Означает ли ассимиляция, что они никогда явно не сталкивались с предрассудками? Подразумевает ли она, что ты просто четко представляешь, где проходят границы твоего мира внутри общества, — и строго соблюдаешь их? В Вене, как и в Париже, имелся Жокей-клуб, и Виктор состоял в нем, однако евреям не разрешалось занимать там важные посты. Имело ли это хоть малейшее значение для него? По установившимся негласным правилам, замужние женщины-нееврейки никогда не являлись с визитами в еврейские дома, никогда не оставляли там своих визиток, никогда не показывались на этих бесконечных званых вечерах. В Вене было заведено, что оставлять визитные карточки и затем получать приглашения могли только неевреи-холостяки — граф Менсдорф, граф Любенски, молодой князь Монтенуово. Женившись, они никогда больше не приходили в гости, какими бы пышными ни были званые ужины, какой бы очаровательной ни была хозяйка дома. Имело ли это хоть какое-то значение? Такие порядки кажутся просто паутинными ниточками грубости.

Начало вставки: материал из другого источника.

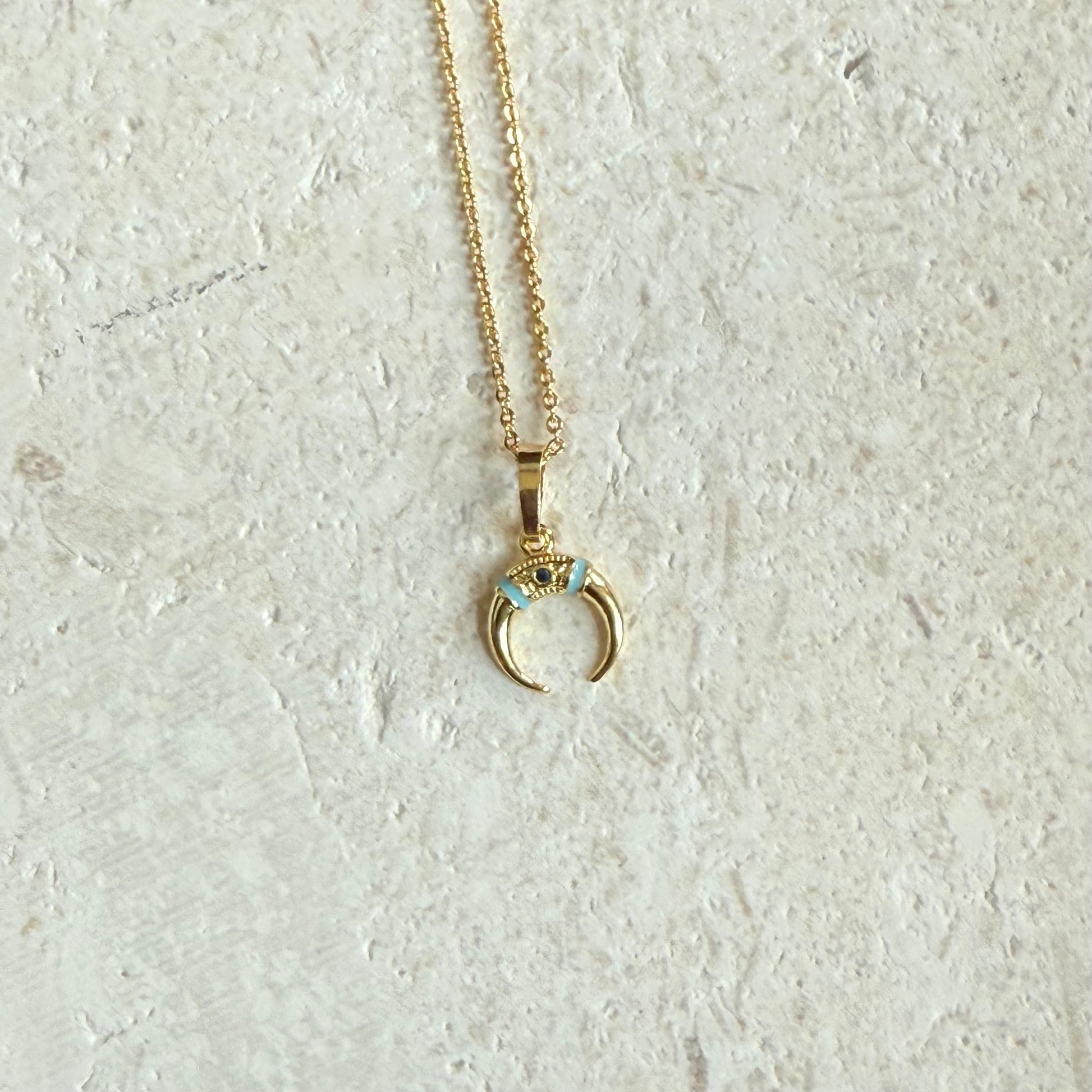 This piece features a small crescent horn charm, hand-enameled in a deep, moody blue that shifts subtly with the light. Set on a 14k gold fill chain with a 2-inch extender, it layers beautifully with other favorites or makes a quiet statement on its own.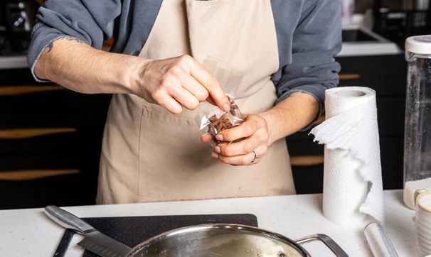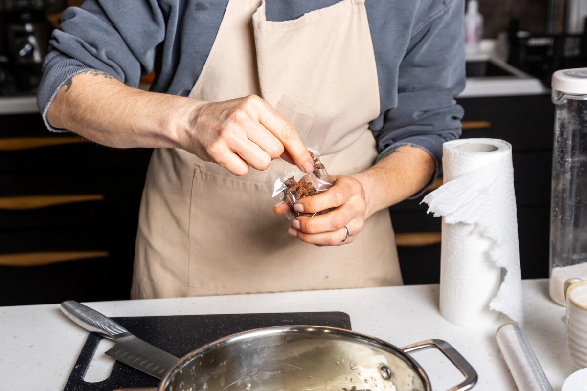 Положите специи. Поставьте на огонь и нагревайте до растворения сахара. Перемешайте и доведите до кипения.

Я провожу утро последнего дня этого визита в архиве еврейской общины рядом с синагогой на Юденгассе. Поблизости стоят полицейские. Совсем недавно, на последних выборах, ультраправые получили треть голосов, и теперь никто не знает, не станет ли синагога мишенью для нападений. Уже прозвучало столько угроз, что мне приходится пройти через сложную систему безопасности. Наконец, проникнув внутрь, я наблюдаю за тем, как архивист вынимает большие полосатые тома и кладет их на пюпитр. Там записи обо всех рождениях, браках и смертях, а также о смене веры, — словом, жизнь всей еврейской Вены.
В 1899 году в Вене имелись свои еврейские сиротские приюты и больницы, школы и библиотеки, газеты и журналы. Там насчитывалось двадцать две синагоги. И вдруг я понимаю, что совершенно ничего не знаю об этом: семья Эфрусси настолько ассимилировалась, что без остатка растворилась в Вене.